河口 はじめ『プラネテス』の企画に、私は参加してなかったんです。企画自体は当時サンライズで役員をしていた内田健二さんと当時のバンダイビジュアルのプロデューサーである湯川淳さんが進めていました。企画がまとまっていく中で、制作現場をどうするかとなった時に、『キングゲイナー』の制作が終わった後の第二スタジオの仕事にしようという話がありまして。『キングゲイナー』の1クール目が終わるころに私にプロデューサーをやらないかと話が来たんですが、私は『キングゲイナー』を最後まで思い切りやりたかったので、1度は断ったんです。その後、改めて話がきて、スタジオの人員的な補強もするからやって欲しいということで受けることになりました。『キングゲイナー』の後半と並行しながら企画に関わっていったという感じでしたね。
――これまでの劇場版『∀ガンダム』や『キングゲイナー』は特殊な事情でプロデューサーになったわけですが、『プラネテス』は前の2作とはプロデューサーとしての関わり方も違う感じだったのしょうか?
河口 本来、プロデューサーは、作品の放送が始まったらすぐに次の仕事の仕込みをしなくちゃならないものなんです。仕込みをして、ある程度現場が回る仕組みを作り、仕事が回り始めるのを確認する。
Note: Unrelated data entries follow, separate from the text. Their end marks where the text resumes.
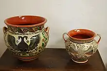 La poterie bandera, qui signifie drapeau en espagnol, est ainsi nommée parce qu'elle a les couleurs vert, rouge et blanc du drapeau mexicain[10]. Le rouge est couramment utilisé comme couleur de fond, tandis que le vert et le blanc le sont pour les détails décoratifs[8]. Il s'agit également d'une vaisselle brunie non émaillée. Pour des raisons inconnues, ce style de poterie est très rare[12]. Un objet peu commun est appelé engretado.Il a un vernis spécial qui le rend utile pour la cuisson, le vernis agissant comme une couche de téflon qui empêche les aliments de coller lorsqu'ils sont chauffés[10].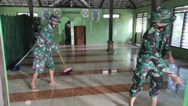 Rutinitas, Satgas TMMD Bojonegoro Bersihkan Masjid Desa Ngrancang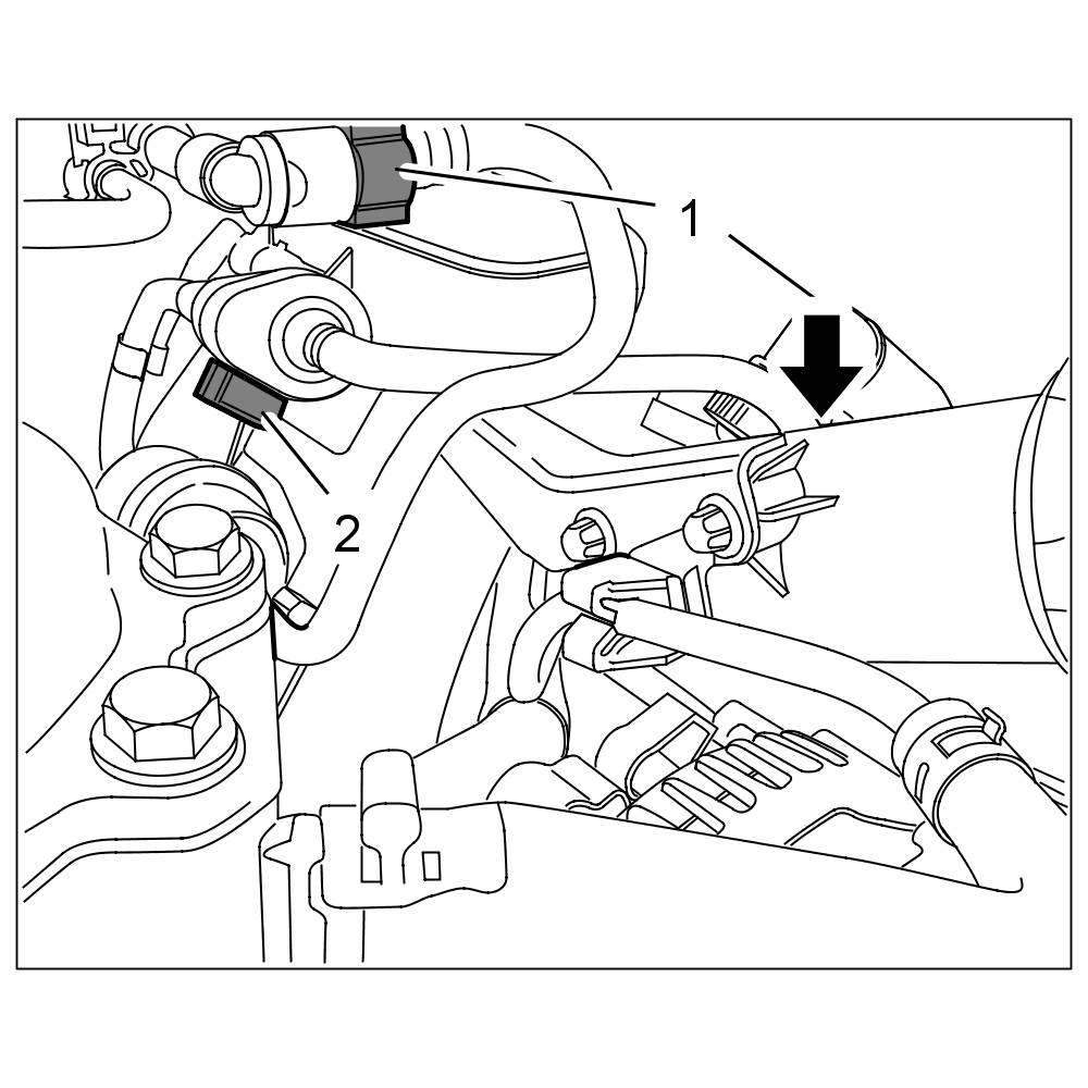 3.1. Unclip line at the resonance tube -arrow- and feed line for the carbon canister -1- and set them aside.

それが機関車のように動きだしたら、自分は駅で列車を見送って、先回りして終着駅に行く。そこで次に列車が向かう線路を敷いておいて、また出発できるようにしないといけない。でも、『キングゲイナー』の時には私はそのようなプロデューサーとしての仕事をやっていなくて、そのまま『キングゲイナー』という列車に一緒に乗って出ようとしていたんですね。そこを「お前、何で一緒に乗っていこうとしているんだよ」と止められたような感じです。『プラネテス』に私が関わった時は、内田さんと湯川さんによって企画の基本的な枠組みはすでに出来上がっていて、監督は谷口悟朗さん、脚本は大河内一楼さんに決まり、最初の打ち合わせが1度行われたくらいの時期でした。だから、関わり方としてはラインプロデューサー(制作現場に関する、制作工程や予算を管理する立場)に近い感じでしたね。ただ、原作の講談社さんやNHKエンタープライズさんとの契約などは内田さんから引き継いで私の方でやらせてもらいました。
――これまで関わられた、劇場版とWOWOWとは違う、いわゆるテレビシリーズとしての苦労などはあったりしたのでしょうか?
河口 いわゆる民放での放送で、スポンサーさんがたくさんいらっしゃる形ではなく、放送局がNHKさんだったので、そうした大変さはあまり無かったです。そういう意味では、NHKエンタープライズさんと向き合うだけで良かったので。印象としては、WOWOWさんの時と同じような感じでした。NHKエンタープライズ側での『プラネテス』のプロデューサー植原智幸さんは、NHKの『トップランナー』という番組に富野由悠季監督が出た時にディレクターを担当していた方なんです。NHKで「富野作品の放送をしたい」というくらいアニメが好きで、NHKエンタープライズに異動になり、「サンライズと仕事ができないか」と声をかけてくださって。それが、『プラネテス』をNHKで放送するきっかけになったんです。そうした流れも含めて、とてもやりやすかったですね。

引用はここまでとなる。